Researchers at the University of Tokyo have succeeded for the first time in verifying Einstein’s proposal of the non-locality of a single quantum: the idea that a single photon diffracted by a slit can spread over arbitrarily large distances, but is never detected in two or more places simultaneously.
This elusive phenomenon of non-locality in quantum mechanics, which has been termed “spooky action at a distance,” spurred a hundred years’ debate among physicists with Einstein’s proposal in 1909. Ever since, physicists have been making zealous efforts towards rigorous confirmation by highly efficient measurement devices. However, detection methods used so far have been for detecting photons as particles. In addition to low detection efficiency, since these methods can only detect the presence or absence of photons, it was theoretically impossible to rigorously verify Einstein’s proposal.

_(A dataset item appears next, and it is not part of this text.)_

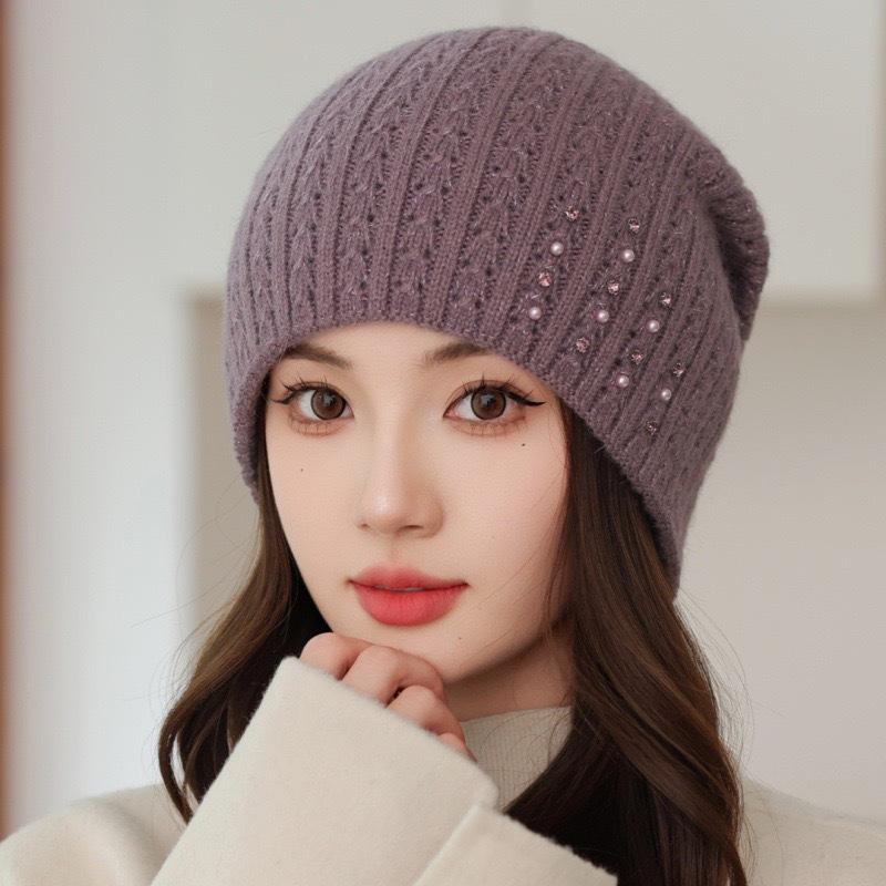 Вязаная шапка с кроликом Цзяи, детская зимняя теплая толстовка с капюшоном для мам среднего возраста, пожилая, универсальная, корейская версия, вязаная шапка One size (50-60cm)

Graduate School of Engineering Professor Akira Furusawa, doctoral student Maria Fuwa and their collaborators utilized the wave-like degree of a photon as an electromagnetic wave and used a homodyne measurement technique to measure the photon amplitude and phase with high efficiency. They demonstrate it by splitting a single photon between two laboratories and experimentally testing whether the choice of measurement in one laboratory really causes a change in the local quantum state in the other laboratory.
This enabled the group to successfully verify the non-locality of a single photon with high precision and rigor. The experiment also verifies the entanglement of the split single photon even when one side is untrusted.
M. Fuwa, S. Takeda, M. Zwierz, H. M. Wiseman, and A. Furusawa. Experimental proof of nonlocal wave function collapse for a single particle using homodyne measurements. Nat Commun, 6, 03 2015.